* **Task to complete**: Reproduce the data below in full and exclude every picture.

* **The data**:
* * *
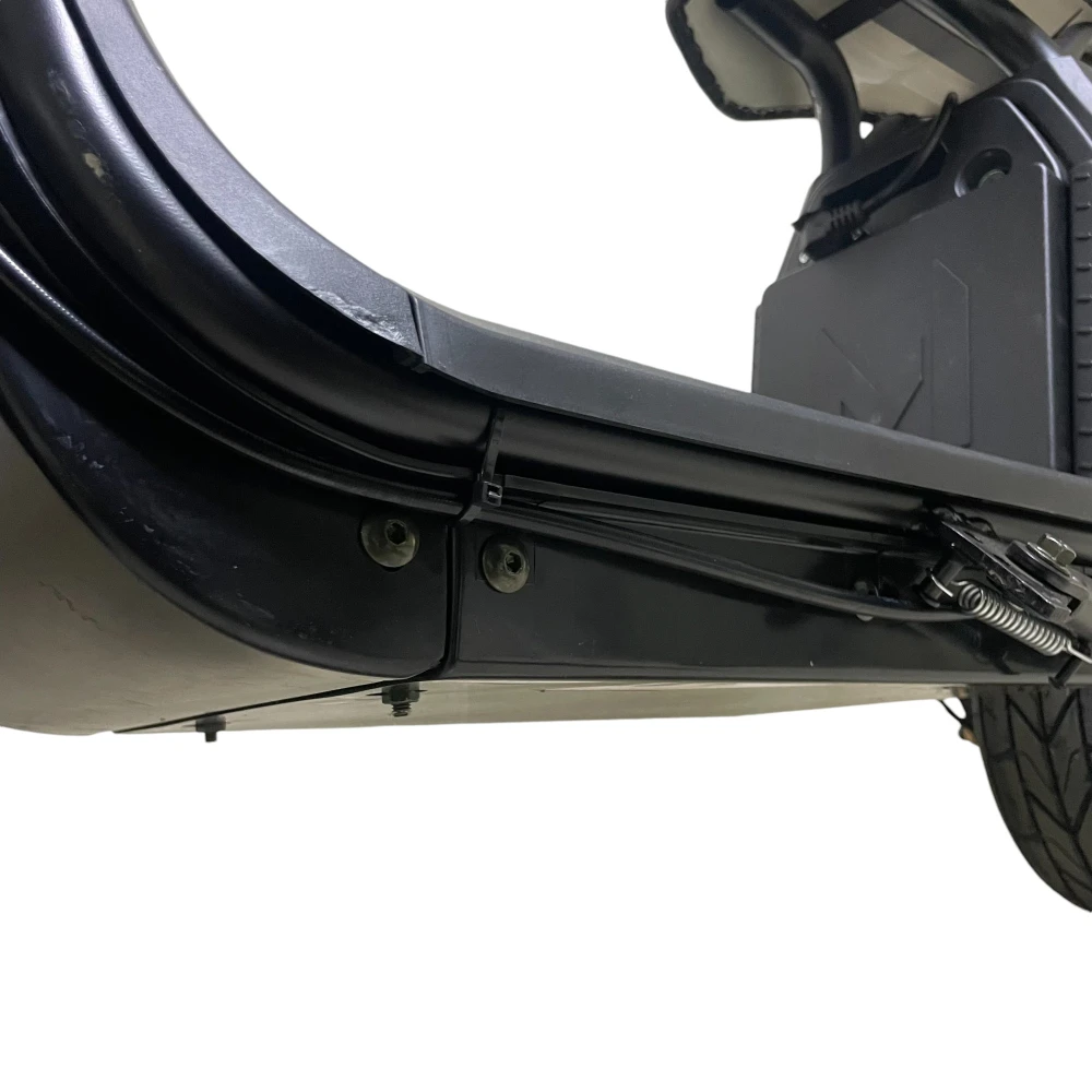 Скутер оснащен мощным двигателем, позволяющим развивать скорость до 40 км/ч, что делает поездки по городским улицам быстрыми и приятными. Благодаря большим шинам с воздушной подушкой и усовершенствованной системе подвески, каждая поездка становится комфортной, независимо от состояния дороги. Надежные дисковые тормоза на обоих колесах гарантируют безопасную остановку в любых условиях.
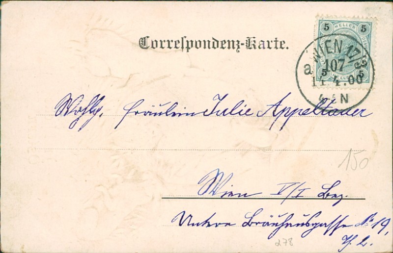 Alte Ansichtskarte, gelaufen am 14.04.1900 von Wien nach Wien.
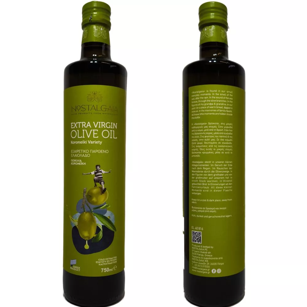 750 ml Nostalgia – Kaltgepresstes natives Olivenöl Extra vom Peloponnes, Koroneiki Olive (Säure unter 0,3%)
* * *
* **Exercise response**:
 Скутер оснащен мощным двигателем, позволяющим развивать скорость до 40 км/ч, что делает поездки по городским улицам быстрыми и приятными. Благодаря большим шинам с воздушной подушкой и усовершенствованной системе подвески, каждая поездка становится комфортной, независимо от состояния дороги. Надежные дисковые тормоза на обоих колесах гарантируют безопасную остановку в любых условиях.
 Alte Ansichtskarte, gelaufen am 14.04.1900 von Wien nach Wien.
 750 ml Nostalgia – Kaltgepresstes natives Olivenöl Extra vom Peloponnes, Koroneiki Olive (Säure unter 0,3%)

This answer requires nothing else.